--- WHAT IS BEING ASKED ---
Please copy exactly the lines from the first in the records through the line that contains "随后的深圳慈善会东乐社区公益", but not the pictures.

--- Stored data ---
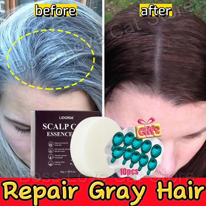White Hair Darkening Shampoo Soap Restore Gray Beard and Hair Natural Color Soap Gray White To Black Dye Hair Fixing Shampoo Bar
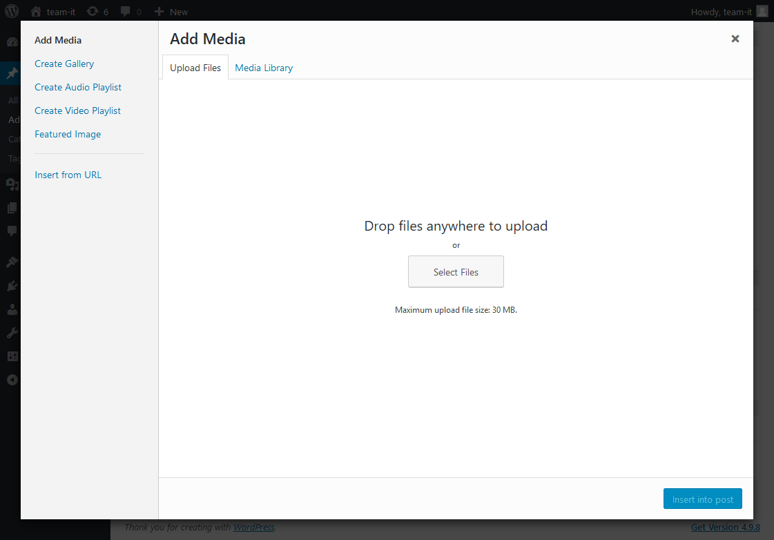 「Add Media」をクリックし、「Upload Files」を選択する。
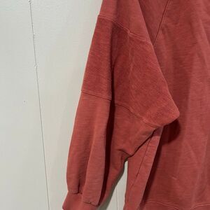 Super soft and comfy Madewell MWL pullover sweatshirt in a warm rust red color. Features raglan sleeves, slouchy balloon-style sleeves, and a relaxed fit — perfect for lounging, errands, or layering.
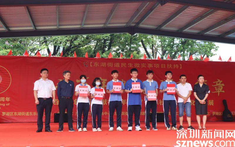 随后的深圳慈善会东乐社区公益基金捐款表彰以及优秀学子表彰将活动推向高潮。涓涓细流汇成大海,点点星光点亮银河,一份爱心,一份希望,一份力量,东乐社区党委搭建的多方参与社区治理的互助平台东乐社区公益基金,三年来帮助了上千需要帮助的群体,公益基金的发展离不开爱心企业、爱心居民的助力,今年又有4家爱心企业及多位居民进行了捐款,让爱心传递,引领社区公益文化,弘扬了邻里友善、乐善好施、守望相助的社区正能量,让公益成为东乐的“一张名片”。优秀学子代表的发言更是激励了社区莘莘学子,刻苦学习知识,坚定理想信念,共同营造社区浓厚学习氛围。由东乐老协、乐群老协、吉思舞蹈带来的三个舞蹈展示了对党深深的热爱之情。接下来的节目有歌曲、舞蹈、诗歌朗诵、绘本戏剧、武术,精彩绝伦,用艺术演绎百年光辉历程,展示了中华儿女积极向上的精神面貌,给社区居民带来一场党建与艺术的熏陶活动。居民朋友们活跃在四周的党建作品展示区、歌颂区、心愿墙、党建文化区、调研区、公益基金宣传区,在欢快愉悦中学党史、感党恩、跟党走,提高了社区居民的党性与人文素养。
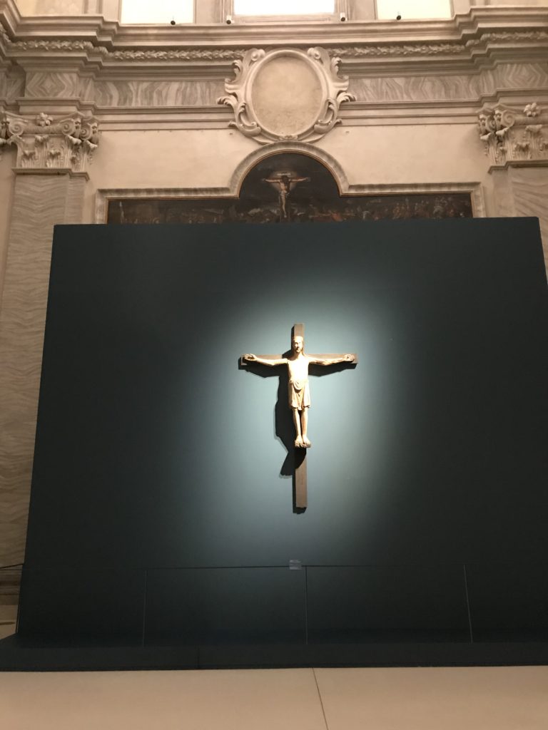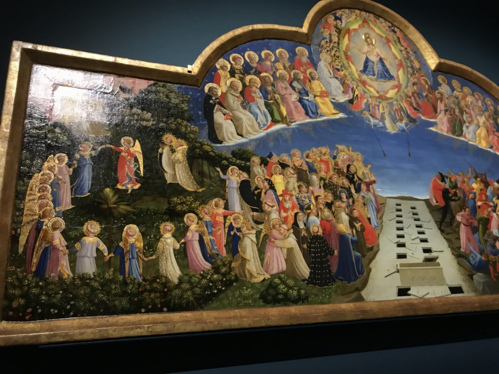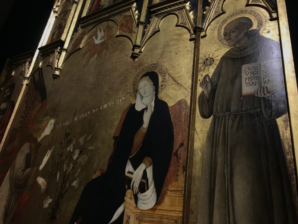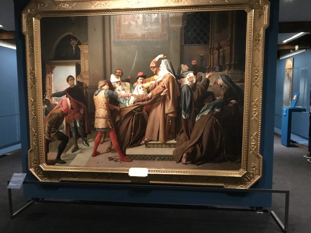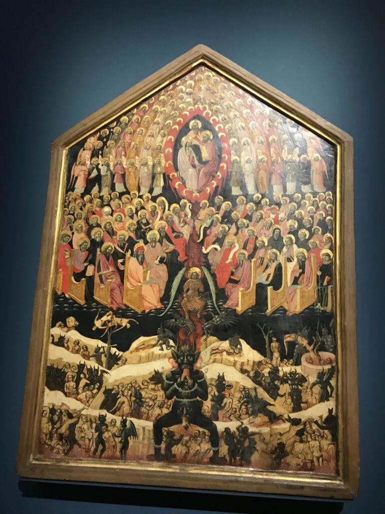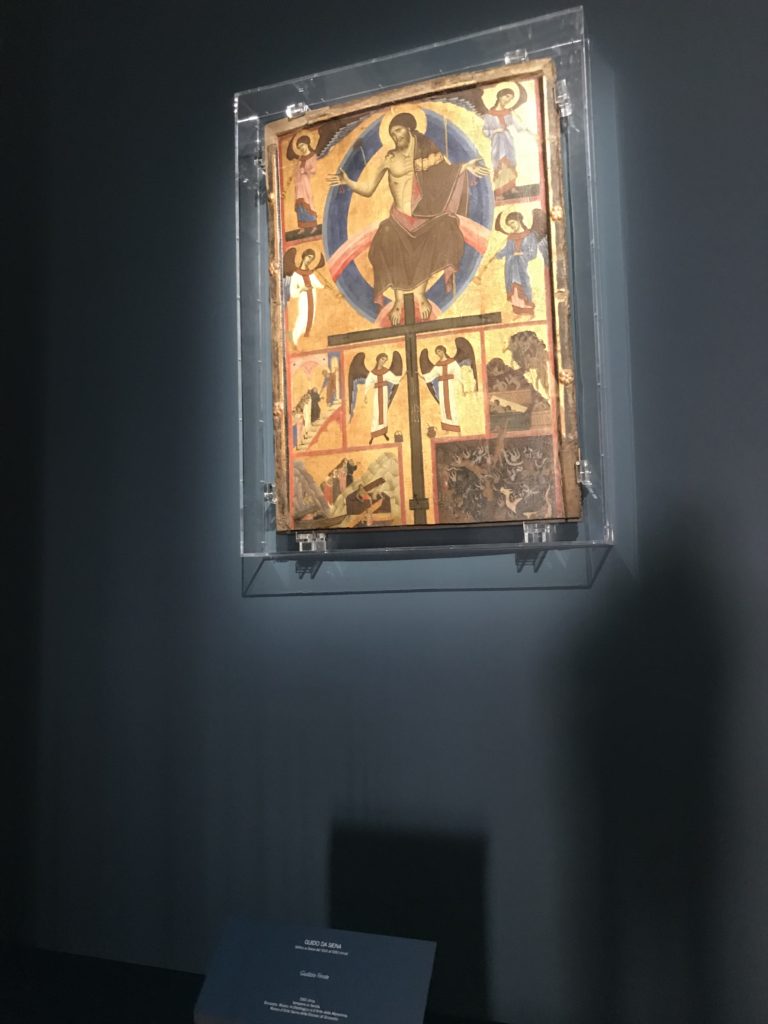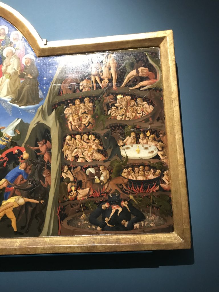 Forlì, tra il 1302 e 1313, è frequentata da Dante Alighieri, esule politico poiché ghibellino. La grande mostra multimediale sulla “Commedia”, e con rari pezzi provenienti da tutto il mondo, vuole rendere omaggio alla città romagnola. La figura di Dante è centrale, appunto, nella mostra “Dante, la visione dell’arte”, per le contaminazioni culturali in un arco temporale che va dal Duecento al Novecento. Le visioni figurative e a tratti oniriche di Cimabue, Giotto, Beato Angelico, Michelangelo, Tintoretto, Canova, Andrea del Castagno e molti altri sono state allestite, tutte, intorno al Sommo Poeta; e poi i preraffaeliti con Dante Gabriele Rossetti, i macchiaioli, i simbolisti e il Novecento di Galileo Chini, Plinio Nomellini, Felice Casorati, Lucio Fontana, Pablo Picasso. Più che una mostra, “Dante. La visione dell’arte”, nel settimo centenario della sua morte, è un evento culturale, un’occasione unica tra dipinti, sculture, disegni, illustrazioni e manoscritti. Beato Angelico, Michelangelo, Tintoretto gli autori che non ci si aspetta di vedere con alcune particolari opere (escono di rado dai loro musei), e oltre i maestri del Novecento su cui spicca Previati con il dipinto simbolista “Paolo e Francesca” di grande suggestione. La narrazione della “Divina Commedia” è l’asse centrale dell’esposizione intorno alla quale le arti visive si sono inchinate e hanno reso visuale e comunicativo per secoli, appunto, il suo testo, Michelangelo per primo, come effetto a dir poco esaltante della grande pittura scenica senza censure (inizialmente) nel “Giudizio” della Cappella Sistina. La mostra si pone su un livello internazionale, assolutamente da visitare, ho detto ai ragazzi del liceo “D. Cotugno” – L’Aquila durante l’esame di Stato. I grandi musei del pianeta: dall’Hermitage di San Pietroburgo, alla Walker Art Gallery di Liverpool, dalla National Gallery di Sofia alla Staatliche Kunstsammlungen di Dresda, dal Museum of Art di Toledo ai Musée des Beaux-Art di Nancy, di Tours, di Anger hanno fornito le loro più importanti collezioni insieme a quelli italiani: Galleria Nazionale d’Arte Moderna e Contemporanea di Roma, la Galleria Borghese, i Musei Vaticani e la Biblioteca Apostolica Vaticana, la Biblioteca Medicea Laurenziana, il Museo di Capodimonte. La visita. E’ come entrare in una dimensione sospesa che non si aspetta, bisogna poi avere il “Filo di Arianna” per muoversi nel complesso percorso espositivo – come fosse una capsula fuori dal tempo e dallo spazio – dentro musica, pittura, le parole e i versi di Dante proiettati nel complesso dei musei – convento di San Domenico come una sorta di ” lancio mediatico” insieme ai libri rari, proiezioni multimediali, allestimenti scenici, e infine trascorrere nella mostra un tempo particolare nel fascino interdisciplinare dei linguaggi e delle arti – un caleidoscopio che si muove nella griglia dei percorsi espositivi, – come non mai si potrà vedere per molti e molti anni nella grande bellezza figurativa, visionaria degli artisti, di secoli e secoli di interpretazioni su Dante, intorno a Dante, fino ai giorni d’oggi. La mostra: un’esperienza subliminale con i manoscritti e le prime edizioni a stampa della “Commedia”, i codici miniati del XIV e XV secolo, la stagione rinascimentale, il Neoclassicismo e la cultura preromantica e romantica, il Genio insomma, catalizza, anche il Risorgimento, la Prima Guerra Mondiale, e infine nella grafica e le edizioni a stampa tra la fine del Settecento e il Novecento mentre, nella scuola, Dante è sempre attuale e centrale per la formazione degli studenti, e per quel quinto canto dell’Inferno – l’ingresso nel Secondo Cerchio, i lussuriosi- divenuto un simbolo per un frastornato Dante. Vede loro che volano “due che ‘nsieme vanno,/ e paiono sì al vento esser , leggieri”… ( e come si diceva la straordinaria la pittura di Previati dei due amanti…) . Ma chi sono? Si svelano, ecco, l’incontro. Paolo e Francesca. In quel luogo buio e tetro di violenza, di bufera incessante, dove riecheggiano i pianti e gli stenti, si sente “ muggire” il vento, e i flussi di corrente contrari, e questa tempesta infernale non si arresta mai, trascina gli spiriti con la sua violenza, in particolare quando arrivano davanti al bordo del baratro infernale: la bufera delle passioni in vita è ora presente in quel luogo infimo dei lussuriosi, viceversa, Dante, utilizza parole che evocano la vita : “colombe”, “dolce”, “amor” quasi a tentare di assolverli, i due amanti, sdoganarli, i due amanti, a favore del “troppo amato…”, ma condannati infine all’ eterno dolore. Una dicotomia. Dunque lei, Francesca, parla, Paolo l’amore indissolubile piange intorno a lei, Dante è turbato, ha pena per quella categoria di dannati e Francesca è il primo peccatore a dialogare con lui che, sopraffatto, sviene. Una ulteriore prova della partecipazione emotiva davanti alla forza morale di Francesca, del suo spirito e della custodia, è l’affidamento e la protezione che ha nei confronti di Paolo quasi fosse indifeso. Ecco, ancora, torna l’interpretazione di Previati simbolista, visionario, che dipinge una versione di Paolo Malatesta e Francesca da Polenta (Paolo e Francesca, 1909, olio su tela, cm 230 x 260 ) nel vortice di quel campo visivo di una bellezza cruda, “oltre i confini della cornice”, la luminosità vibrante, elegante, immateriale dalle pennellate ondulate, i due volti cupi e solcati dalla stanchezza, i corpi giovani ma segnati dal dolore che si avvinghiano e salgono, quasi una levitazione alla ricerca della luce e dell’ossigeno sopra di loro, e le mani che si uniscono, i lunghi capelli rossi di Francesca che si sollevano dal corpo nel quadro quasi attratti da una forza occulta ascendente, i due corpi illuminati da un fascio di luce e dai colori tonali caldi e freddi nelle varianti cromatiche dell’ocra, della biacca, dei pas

--- ANSWER TO THIS TASK ---
White Hair Darkening Shampoo Soap Restore Gray Beard and Hair Natural Color Soap Gray White To Black Dye Hair Fixing Shampoo Bar
 「Add Media」をクリックし、「Upload Files」を選択する。
 Super soft and comfy Madewell MWL pullover sweatshirt in a warm rust red color. Features raglan sleeves, slouchy balloon-style sleeves, and a relaxed fit — perfect for lounging, errands, or layering.
 随后的深圳慈善会东乐社区公益基金捐款表彰以及优秀学子表彰将活动推向高潮。涓涓细流汇成大海,点点星光点亮银河,一份爱心,一份希望,一份力量,东乐社区党委搭建的多方参与社区治理的互助平台东乐社区公益基金,三年来帮助了上千需要帮助的群体,公益基金的发展离不开爱心企业、爱心居民的助力,今年又有4家爱心企业及多位居民进行了捐款,让爱心传递,引领社区公益文化,弘扬了邻里友善、乐善好施、守望相助的社区正能量,让公益成为东乐的“一张名片”。优秀学子代表的发言更是激励了社区莘莘学子,刻苦学习知识,坚定理想信念,共同营造社区浓厚学习氛围。由东乐老协、乐群老协、吉思舞蹈带来的三个舞蹈展示了对党深深的热爱之情。接下来的节目有歌曲、舞蹈、诗歌朗诵、绘本戏剧、武术,精彩绝伦,用艺术演绎百年光辉历程,展示了中华儿女积极向上的精神面貌,给社区居民带来一场党建与艺术的熏陶活动。居民朋友们活跃在四周的党建作品展示区、歌颂区、心愿墙、党建文化区、调研区、公益基金宣传区,在欢快愉悦中学党史、感党恩、跟党走,提高了社区居民的党性与人文素养。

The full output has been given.